Our results demonstrated the roles of lactate signaling in hypoxia as well as its genetic nature, which depends on the NDRG3-c-Raf-ERK1/2 axis. These findings suggest that HIF-1 α and NDRG3 form an oxygen-dependent regulatory chain for hypoxia responses, divided into two chronological phases. At the early phase of hypoxia, HIF-1 α protein accumulates, regulating the gene expression necessary for early adaptive responses including metabolic reprogramming, while at the later phase, the up-regulated lactate production signals for the accumulation of NDRG3, activating the Raf-ERK pathway to induce responses necessary for coping with prolonged hypoxia. Thus, the lactate signaling and accompanying biologic responses appear to be functionally coupled to the HIF-1 α-induced metabolic reprogramming, employing NDRG3 as the critical link. In this regard, it is suggested that portions of the hypoxia responses, especially those occurring at the later phase of hypoxia, that have been so far attributed to HIF-1 α, might, in fact, be under the direct control of NDRG3-mediated lactate signaling.

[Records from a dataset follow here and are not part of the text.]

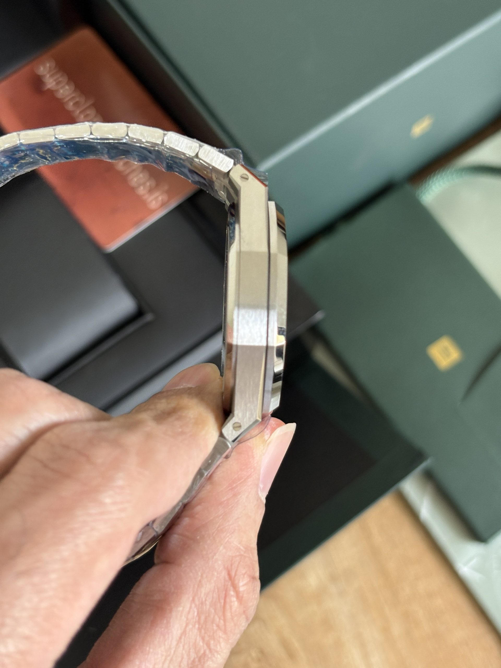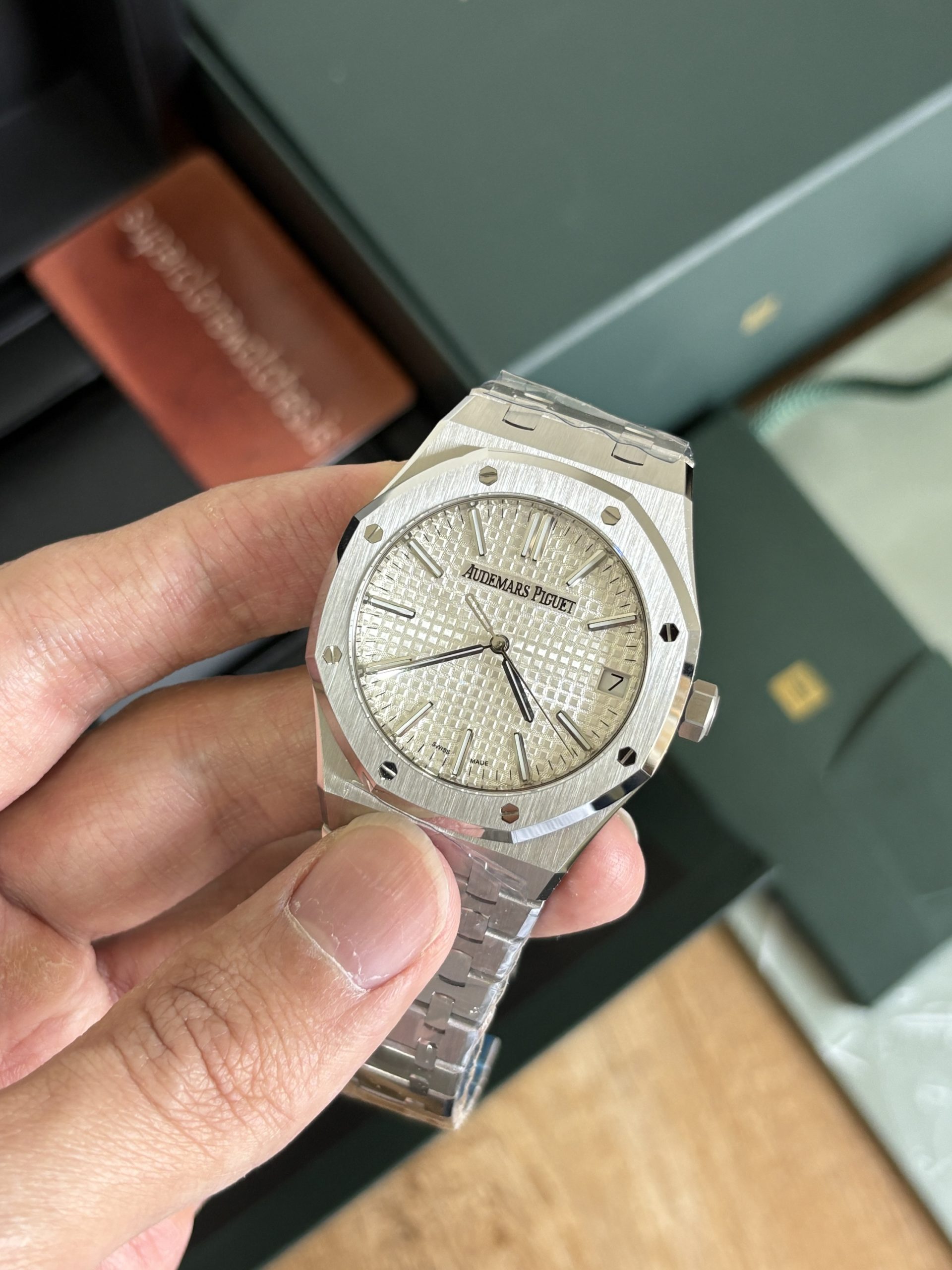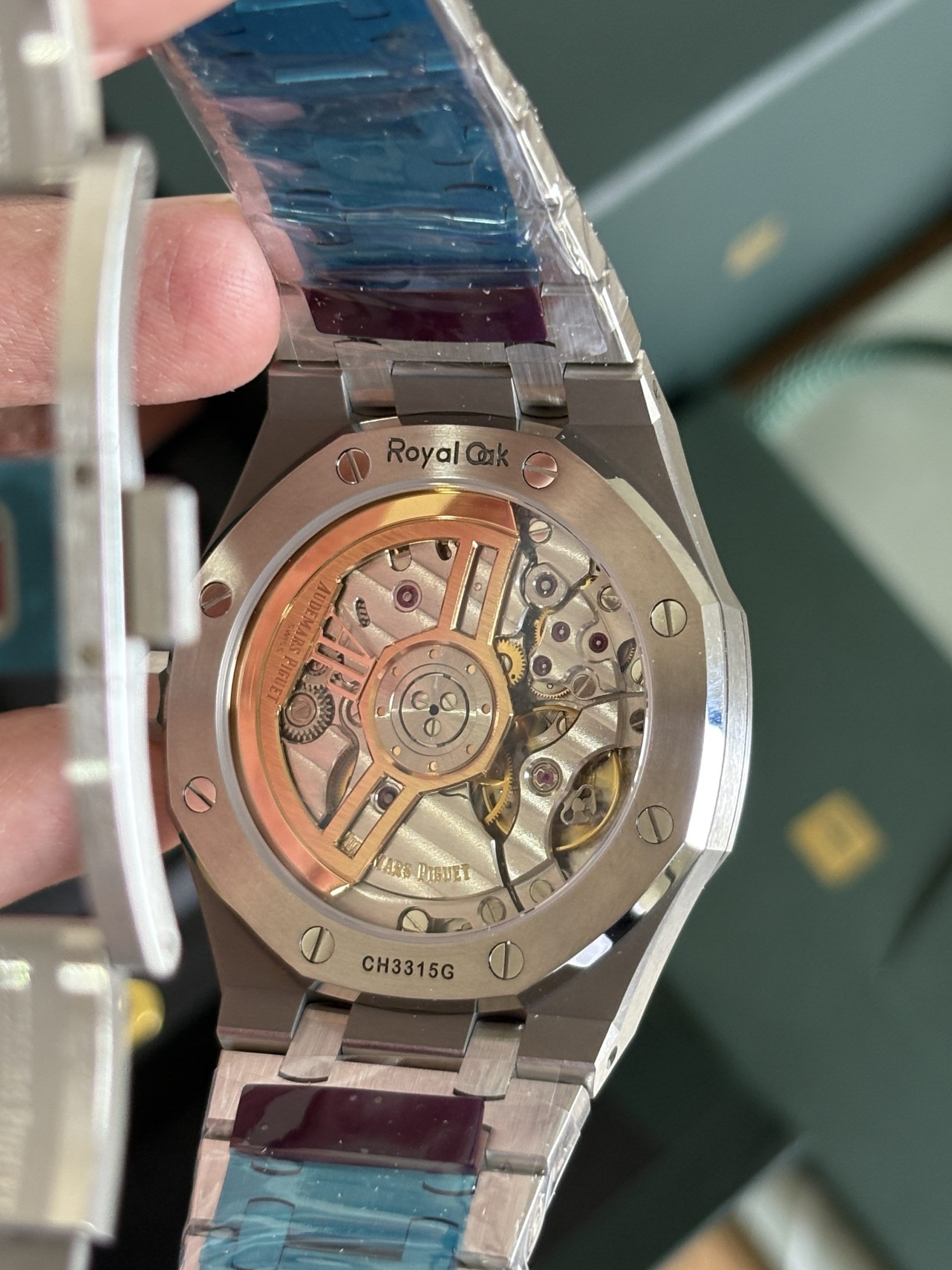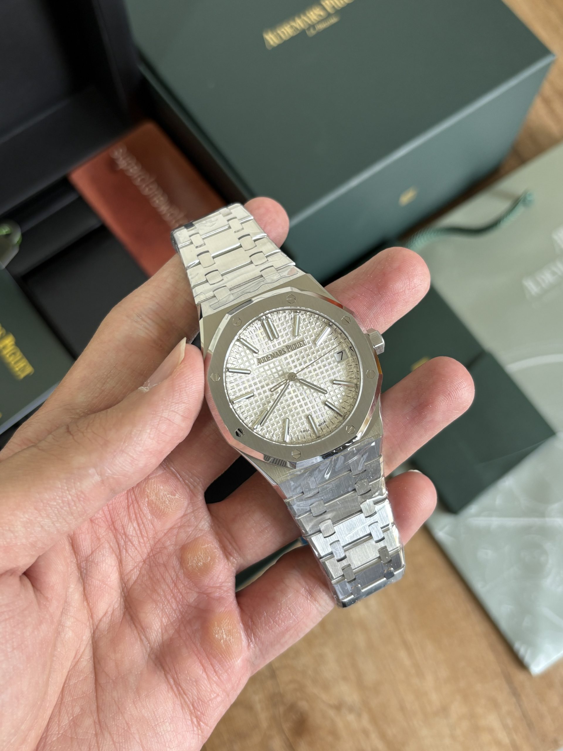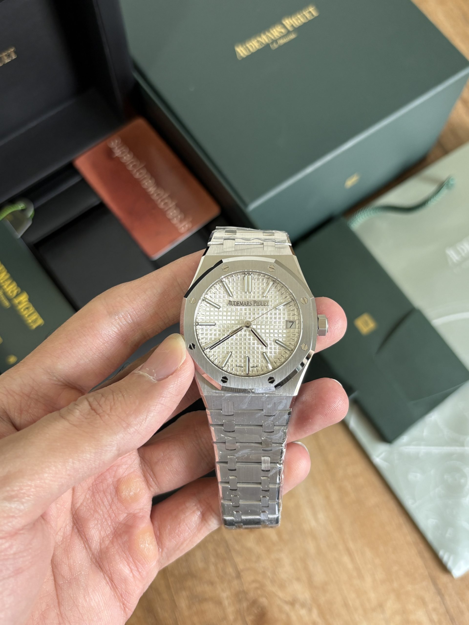 Clone Ap Royal Oak 15510 is successor to 15500 reference. In latest generations Ap has made the dial further minimalistic, if you compare it from Ref 15400, text “AUTOMATIC” doesn’t exist in ref 15500 and 15510. Horologists missed the text “AUTOMATIC” in the following generations, “AUTOMATIC” also carried a great significance on the dial of royal oaks historically when royal oak was the watch that revived the brand Audemars piguet in times of QUARTZ crisis. Compared to predecessor of this 15510 generation AP has further made the dial minimalistic by removal of the AP logo at 12 O Clock position. On the brighter side, the “Audemars Piguet” at 12 o clock that used to be painted on dial in previous generation. In this series, it’s replaced with embossed stainless steel. One admirable difference compared to previous gen is the return of thinner and longer hour indices. The longer and thinner hour indices produce an overall harmony of dial with overall watch design. For the year 2022, AP produced the Ref 15510 with 50th anniversary carved on the rotor, which is now discontinued in favor of the standard Ap rotor. The 15510 produced from 2023 onwards just had one difference from the 2022 50th Anniversary ref 15510 and that is the rotor no longer has 50 years carved on rotor. On the wrist this watch feels like dream if you are someone who appreciates watch with wrist presence. The bracelet is beautiful and the play of light from the bracelet is an experience of it’s own. Due to blingy nature it’s not a subtle watch rather it gives more of a jewelry vibe on the wrist. If you are after a subtle, understated super clone watch than ap royal oak super clone is not for you.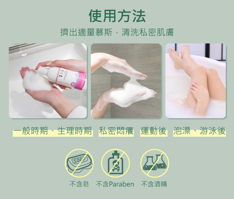 商品詳細介紹 使用方法說明 擠出適量慕斯,清洗私密肌膚,再以清水洗淨即可。 注意事項 僅供外用,如果出現敏感症狀,請諮詢醫生。本產品內含發酵或萃取成分,顏色可能會隨時間而稍微變化,此為正常現象,請安心使用。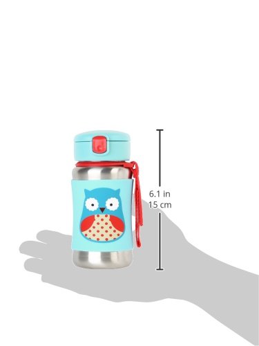 Skip Hop Baby Zoo Little Kid and Toddler Feeding Travel-To-Go Insulated Stainless Steel Straw Bottle, 12 oz, Multi Otis Owl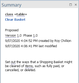 The Summary window shows a brief, read-only summary of the general properties of the currently selected: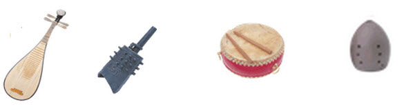 看中国乐器图四幅,根据中国古代八音分类法,从左向右按乐器材质正确的排列顺序是()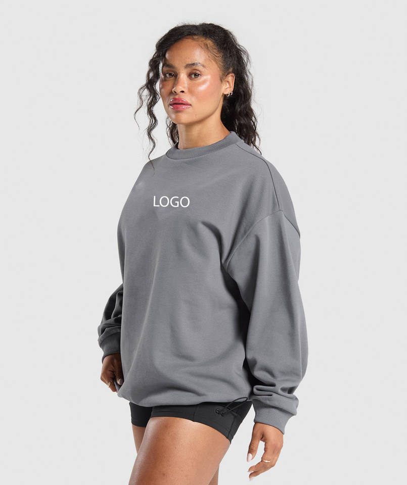 Women's Oversized Crewneck Sweatshirt 100% Cotton 380GSM Heavyweight Drop Shoulder Long Sleeve Pullover Casual Streetwear Hoodie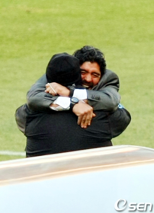 아르헨티나의 세 번째 골이 터지자 마라도나 감독이 기뻐하고 있다. /spjj@osen.co.kr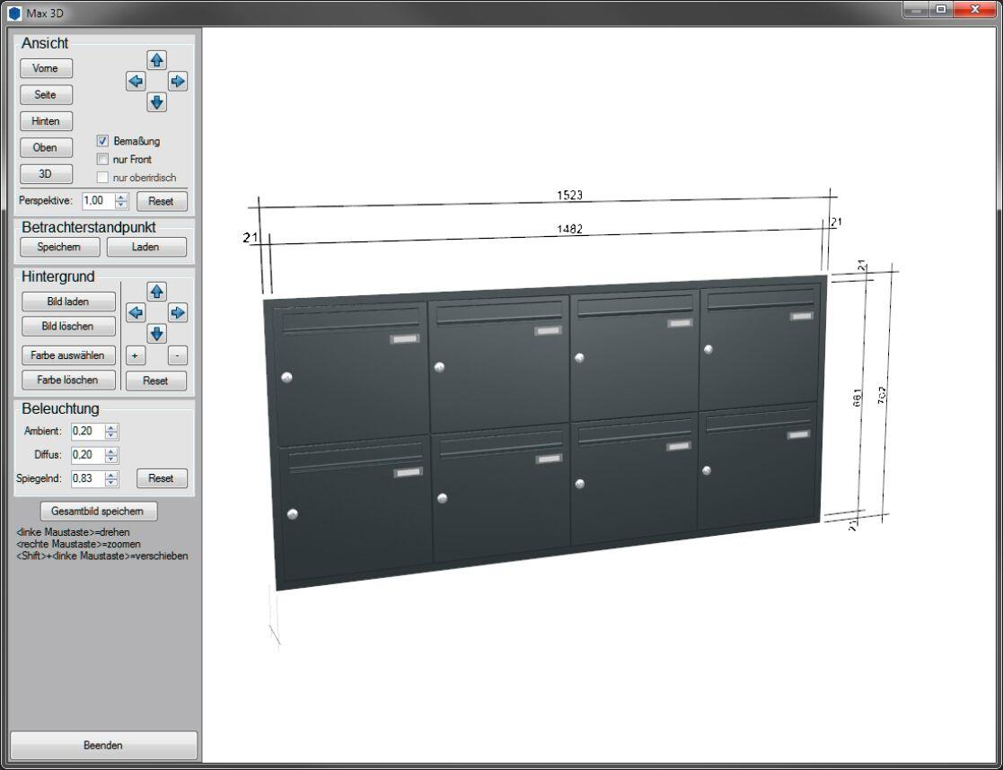 Endlich selber Briefkastenanlagen planen! Mit der Software "MAX" brauchen Sie nur noch einen Computer und schon tauchen Sie in die fabelhafte Welt der Briefkästen ein! Mit der Konfigurations- und Grafiksoftware MAX für Briefkastenanlagen bieten wir Ihnen eine Serviceleistung, mit der Sie Ihre Ideen verwirklichen können.

In conclusion, we demonstrated that NDRG3 functions as the hypoxia-inducible lactate sensor, playing key roles in the promotion of hypoxia responses in a HIF-independent manner. The role of NDRG3 in hypoxic lactate signaling implies that the PHD2/VHL system can control both HIF-dependent and -independent hypoxia responses in an oxygen-dependent manner. Therefore, the lactate-NDRG3-Raf-ERK signaling pathway may provide an extended mechanistic clue to the understanding of disorders caused by mutations in VHL (hemangioblastoma, renal cell carcinoma, pheochromocytoma, etc) or PHD2 (familial erythrocytosis-3) as well as the hypoxia-related physiological (differentiation and development, exercise physiology, etc) and pathophysiological responses (cancer, wound healing, inflammation, cardiovascular disorders, altitude sickness, etc). We also suggest that combinatorial targeting of HIF and NDRG3 might prove a highly effective anti-hypoxia strategy, considering the evidence indicating that simple inhibition of HIF may be insufficient for treating hypoxia-induced diseases.